WORK TASK:
Only the lines from the top of the listing below through the line containing "Save time and" should be output, exactly and with no pictures.

DATA SUPPLIED:

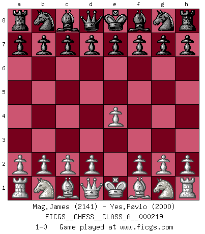 Last move : 1-0 2019 November 22 13:36:23 [Event "FICGS__CHESS__CLASS_A__000219"] [Site "FICGS"] [Date "2019.10.13"] [Round "1"] [White "Mag,James"] [Black "Yes,Pavlo"] [Result "1-0"] [WhiteElo "2141"] [BlackElo "2000"] 1.e4 1-0 This chess game has been lost on time (started : 2019.10.13 4:54:52) King's pawn Opening Player White won this chess game. Follow this game move after move (download)Chess books should be used as we use glasses: to assist the sight, although some players make use of them as if they thought they conferred sight. (Jose Raul Capablanca) Wenn sie aufgeben, dann danke ich Ihnen für das Spiel (Eventualzug beim Fernschach). (Anonymous) El Ajedrez no es como la vida... ¡tiene reglas!. (Mark Pasternak) Les échecs sont plus proches de l'art de l'assassinat que de l'art de la guerre. (Arturo Perez-Reverte) Knowledge will give you power, but character respect. (Bruce Lee)
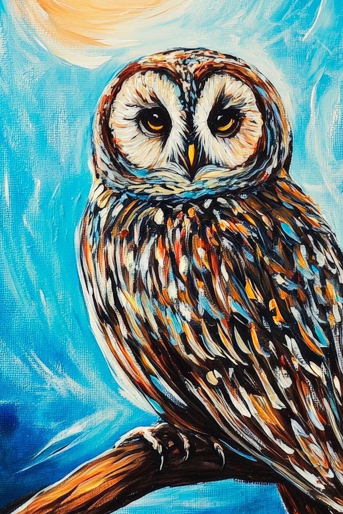 Avec ses grands yeux expressifs, la chouette regarde sereinement la nuit, entourée d'un fond bleu mystique et d'une lumière de lune éclatante. Cette combinaison harmonieuse de nature et de fantaisie confère à chaque pièce une atmosphère apaisante et est particulièrement parfaite pour une chambre à coucher ou un salon confortable.
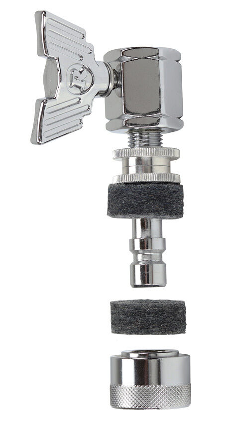 Save time and aggravation with this revolutionary clutch system, just pull on the metal sleeve and the auto clutch releases. Slip off the felts mount, your hi hat cymbal then pushes in at the bottom of the metal sleeve and you're locked in place. All metal design uses a spring and ball bearings to hold sleeve in place.
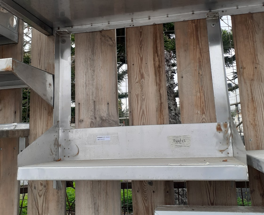 Μεταχειρισμένο, επιτοίχιο ράφι, ανοξείδωτο, υψηλής αντοχής. Κατάλληλο για χώρους εστίασης και επαγγελματικές κουζίνες. Σε καλή κατάσταση. Διαστάσεις: 70×30 εκ.  Τιμή: 30€/τμχ.
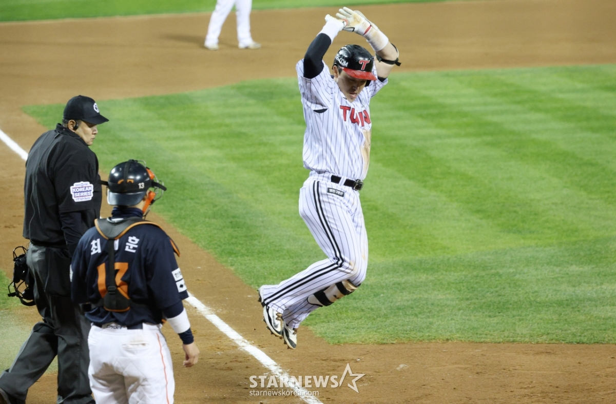 스포츠야구[포토] 박동원 '금의환향 점프'발행 : 2025.10.27 ・ 19:59잠실=김진경 대기자2025 KBO리그 한국시리즈 2차전 LG 트윈스 대 한화 이글스전이 27일 잠실야구장에서 열렸다.LG 박동원이 3회말 2사 1루에서 좌월 2점 홈런을 날린 후 환호하며 홈인하고 있다.<저작권자 © 스타뉴스, 무단전재 및 재배포 금지>프로야구KBO폰세김경문_감독노시환하주석추천 기사김진경 대기자기자홈좋아요 스포츠-야구의 인기 급상승 뉴스스포츠-야구의 최신 뉴스
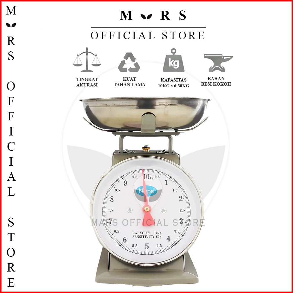 Timbangan Analog Manual Nops Besi Stainless Buah Jarum Serbaguna 10kg 20kg 30kg Mangkok Besi Analog Buah Sayur Daging
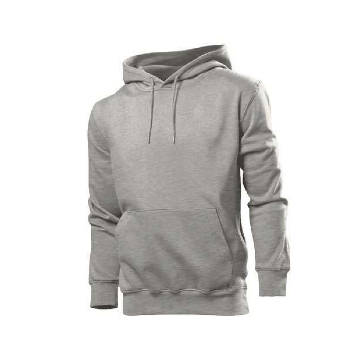 Худі чоловіче сірий ST4100Прокладка для зміцнення коміра, передній кишеню, підкладка з флісу з начосом, шнурок того ж кольору, бічні шви, еластичні манжети та пояс.
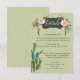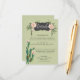 Esta tarjeta de detalles del jardín de cactus cuenta con un cactus de pera espesa con flores rosas. Todos los detalles importantes del boda se pueden editar. Los colores son verde, rosa, blanco y negro.
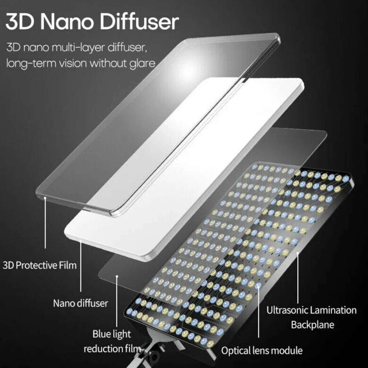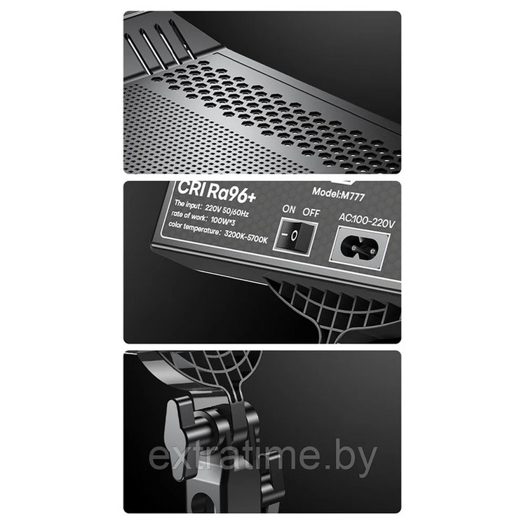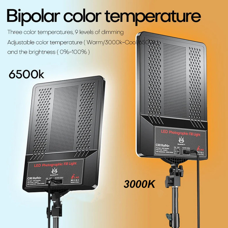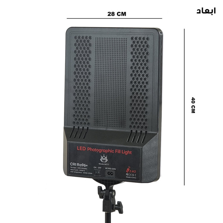 ویژگی ها: دمای رنگ قابل تنظیم از 3200 کلوین تا 5700 کلوین توان خروجی: 42وات ولتاژ ورودی 220 ولت کنترل از راه دور جنس بدنه پلاستیک دارای پایه فلزی با حداکثر بازشوندگی 210 سانتی متر
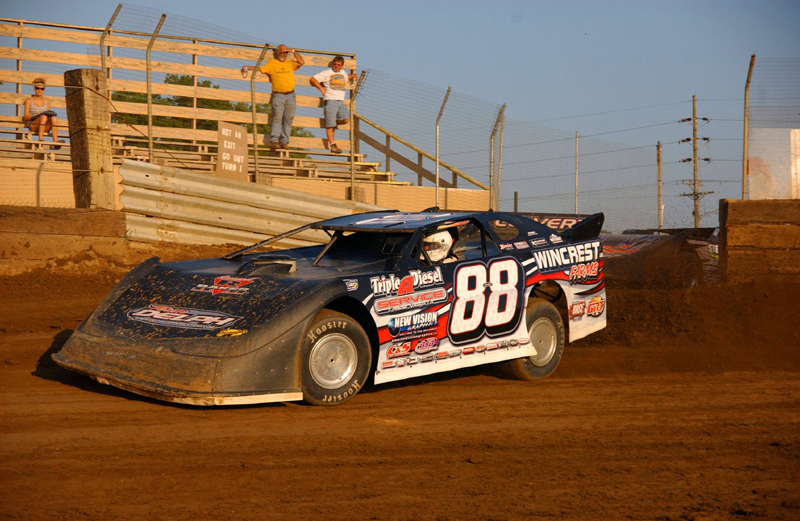 Wendell on the gas during the UMP DIRTcar Summer Nationals stop at the Belle Clair (IL) Speedway -
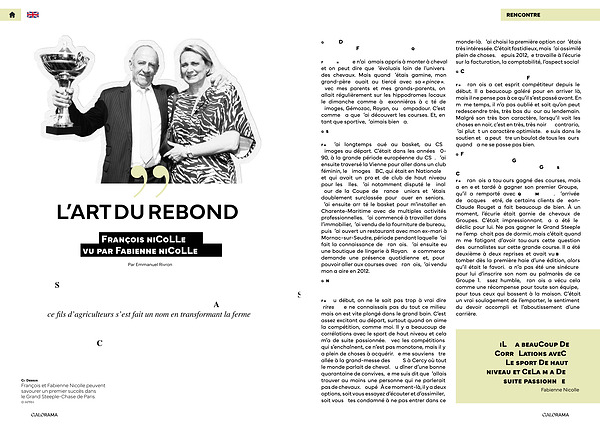 F. N. Au début, on ne le sait pas trop à vrai dire( rires)! Je ne connaissais pas du tout ce milieu mais on est vite plongé dans le grand bain. C’ est assez excitant au départ, surtout quand on aime la compétition, comme moi. Il y a beaucoup de corrélations avec le sport de haut niveau et cela m’ a de suite passionnée. Avec les compétitions qui s’ enchaînent, ce n’ est pas monotone, mais il y a plein de choses à acquérir. Je me souviens être allée à la grand-messe des AQPS à Cercy où tout le monde parlait de cheval. Au dîner d’ une bonne quarantaine de convives, je me suis dit que j’ allais trouver au moins une personne qui ne parlerait pas de chevaux. Loupé! À ce moment-là, il y a deux options, soit vous essayez d’ écouter et d’ assimiler, soit vous êtes condamné à ne pas entrer dans ce monde-là. J’ ai choisi la première option car j’ étais très intéressée. C’ était fastidieux, mais j’ ai assimilé plein de choses. Depuis 2012, je travaille à l’ écurie sur la facturation, la comptabilité, l’ aspect social …
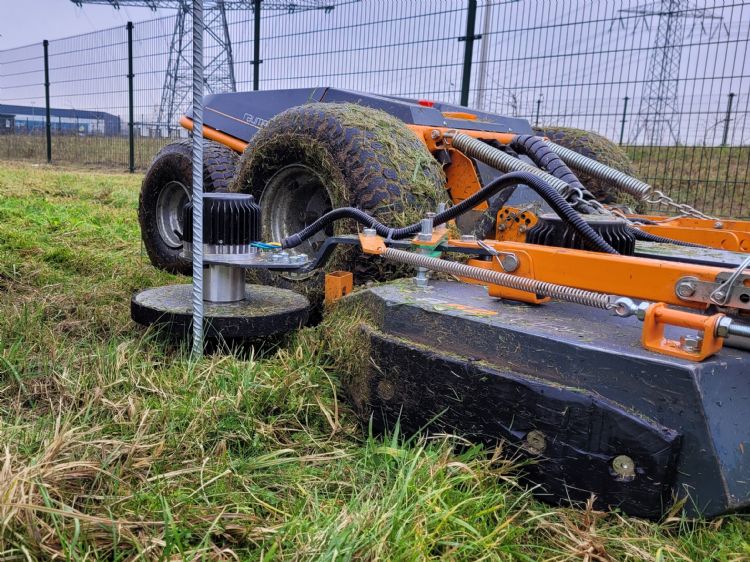 Machines4green heeft met fabrikant Raymo in 2021 handen uit de mouwen gestoken om aan die vraag gehoor te geven: samen ontwikkelden en testten ze een elektrisch aangedreven palenmaaier die bevestigd kan worden op het R52-maaidek van de Raymo Electric. 'Natuurlijk moest de maaier elektrisch worden en met een afstandsbediening te besturen zijn', zegt Van der Tol.
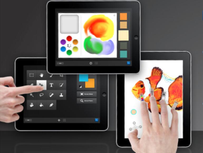 Anwender von Photoshop 5 ab Version 12.0.4 können ihr iPad ab iOS 4.3 für 2,39 Euro mit Color Lava, für 3,99 Euro mit Eazel und für 1,59 Euro mit Nav bestücken und mal gucken, worum Adobe solchen Wirbel macht.
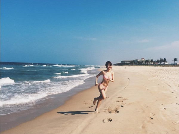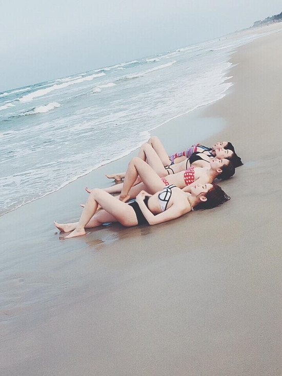 Kỳ nghỉ lễ vừa rồi, Trà My cùng Trà Ngọc Hằng và bạn bè có chuyến du lịch tại Đà Nẵng. Các cô gái tự tin khoe làn da trắng khi nằm trên bãi biển chụp hình.
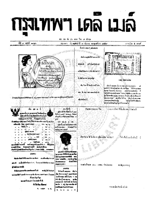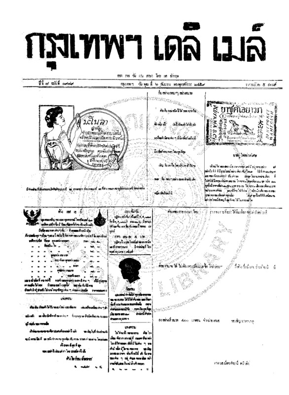 หนังสือพิมพ์กรุงเทพเดลิเมล์ ปีที่ 7 ฉบับที่ 1982 วันที่ 9 กันยายน 2459
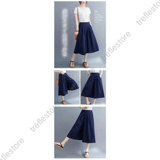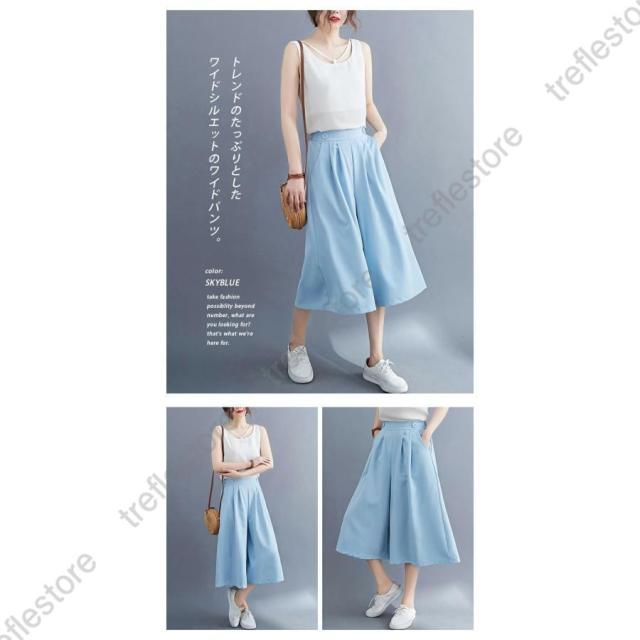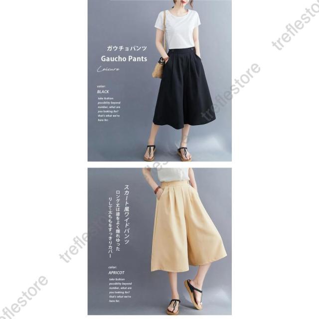 【ポイント5倍!】パンツ 七分丈 ガウチョパンツ レディース キュロット スカーチョ 膝丈 ワイドパンツ 大きいサイズ ボトムス 体型カバー 薄手
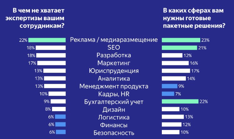 В числе важных проблем российские компании и предприниматели отметили недостаток внутренней экспертизы. Реклама и другое медиаразмещение — сфера, в которой острее всего бизнес испытывает трудности. 23% заинтересованы в готовых решениях для рекламного продвижения товаров и услуг. 31% представителей бизнеса заинтересованы в сервисах контекстной рекламы. Среди других пунктов были отмечены проблемы в SEO, разработке, маркетинге, юриспруденции и бухгалтерском учете.
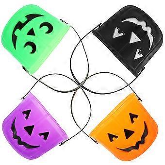 4pcs Portable Halloween Pumpkin Bucket Colored Candy Containers With Handle for Trick Treating, Parties, Storing Sweets & Treasures, Random Color
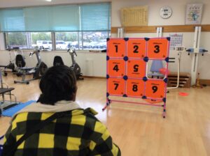 フライングディスクを9回投げて、9枚のパネルのうち何枚抜けるかを競います。1枚でも多くのパネルを抜こうと皆さん真剣にディスクを投げていらっしゃいました。
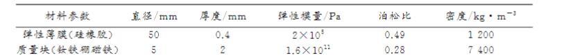 研究對象MAMs結(jié)構(gòu):彈性薄膜中心兩面粘結(jié)圓形質(zhì)量塊。薄膜采用硅橡膠,通過勻膠機制備:按硅膠與固化劑100:3比例混合,低速檔(500 rpm,30s)甩開膠液,高速檔(1000 rpm,30s)均勻涂布于硫酸紙基底,靜置30min后剝離得到。高速檔轉(zhuǎn)速不同會導(dǎo)致薄膜厚度不同(如表1不同轉(zhuǎn)速所得薄膜厚度,具體值因排版缺失未完整顯示)。實驗中,薄膜制備厚度為0.4 mm。質(zhì)量塊采用釹鐵硼磁鐵。材料參數(shù)詳見表2。
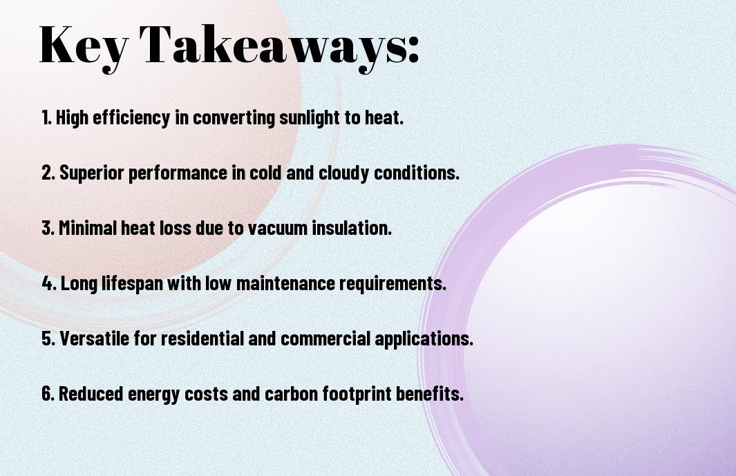 Most homeowners and businesses seeking sustainable energy solutions are turning to solar water heating systems. In this informative post, you will discover the numerous advantages of using evacuated tube collectors, which are designed to maximize efficiency and performance. By harnessing the power of the sun more effectively than traditional flat plate systems, these advanced collectors can significantly reduce your energy costs, enhance your hot water supply, and lower your carbon footprint. Join us as we probe deeper into how evacuated tube collectors can transform your approach to solar energy.

REPLY:
 Last move : 1-0 2019 November 22 13:36:23 [Event "FICGS__CHESS__CLASS_A__000219"] [Site "FICGS"] [Date "2019.10.13"] [Round "1"] [White "Mag,James"] [Black "Yes,Pavlo"] [Result "1-0"] [WhiteElo "2141"] [BlackElo "2000"] 1.e4 1-0 This chess game has been lost on time (started : 2019.10.13 4:54:52) King's pawn Opening Player White won this chess game. Follow this game move after move (download)Chess books should be used as we use glasses: to assist the sight, although some players make use of them as if they thought they conferred sight. (Jose Raul Capablanca) Wenn sie aufgeben, dann danke ich Ihnen für das Spiel (Eventualzug beim Fernschach). (Anonymous) El Ajedrez no es como la vida... ¡tiene reglas!. (Mark Pasternak) Les échecs sont plus proches de l'art de l'assassinat que de l'art de la guerre. (Arturo Perez-Reverte) Knowledge will give you power, but character respect. (Bruce Lee)
 Avec ses grands yeux expressifs, la chouette regarde sereinement la nuit, entourée d'un fond bleu mystique et d'une lumière de lune éclatante. Cette combinaison harmonieuse de nature et de fantaisie confère à chaque pièce une atmosphère apaisante et est particulièrement parfaite pour une chambre à coucher ou un salon confortable.
 Save time and aggravation with this revolutionary clutch system, just pull on the metal sleeve and the auto clutch releases. Slip off the felts mount, your hi hat cymbal then pushes in at the bottom of the metal sleeve and you're locked in place. All metal design uses a spring and ball bearings to hold sleeve in place.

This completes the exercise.